Lyndon Johnson did not define liberalism for legions of left-leaning activists and voters, nor did Richard Nixon define conservatism among the ranks of right-leaning ones (which is why Goldwater felt it necessary to plead with conservatives to support Nixon).
Indeed, despite the fact that modern American conservatism allies itself with an old, even ancient, political tradition, it's largely forgotten that it is arguably the youngest of political movements in America -- certainly younger than progressivism, socialism or libertarianism (in all of its strains from anarchism to classical liberalism).
I understand very well that conservatives often bristle at the idea they need to change with the times.

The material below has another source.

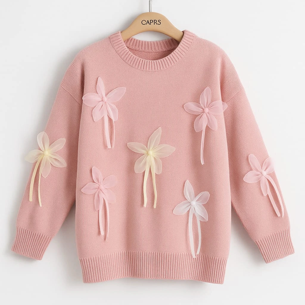 بلوفر نسائي ناعم من الصوف عالي الجودة باللون الوردي الباستيل، يتميّز بتصميم أنثوي جذّاب مزدان بزهور من الشيفون بألوان ناعمة تمنح إطلالة رومانسية دافئة. يجمع بين الدفء والراحة مع لمسة فنية تضيف أناقة فريدة لمظهرك الشتوي.

As the famous line from (the far from famous) Lucius Cary, 2nd Viscount Falkland, goes, "where it is not necessary to change, it is necessary not to change."
But we forget that the conservative movement's strength came from the fact that it was armed with new arguments from diverse intellectual sources. More importantly, its vigor stemmed from the fact that these various strains of conservatives were eager to argue amongst themselves. There are arguments aplenty on the right these days, but the vast majority of them are arguments over a specific personality -- Donald Trump -- not a body of ideas. And to the extent that there are arguments about ideas, they tend to be subsumed into the larger imperative to attack or defend Trump.
As I've argued before, the best thing Trump did was to shatter the calcified and sclerotic policy agenda of Reaganism. To paraphrase "Ghostbusters," he was not the form of destroyer I would have picked, but the destruction was necessary nonetheless.
Don't misunderstand me: Reagan was the indispensable man for his time. But the challenge for conservatives -- at least my brand of conservatives -- is to find ways to apply Reaganite principles to our times.
It is possible, all too possible, that the Reaganites will fail to win the necessary arguments ahead. But that is not an argument against having those fights, for the Reaganites will surely lose them by default if they don't engage. We need more arguments -- but the right arguments.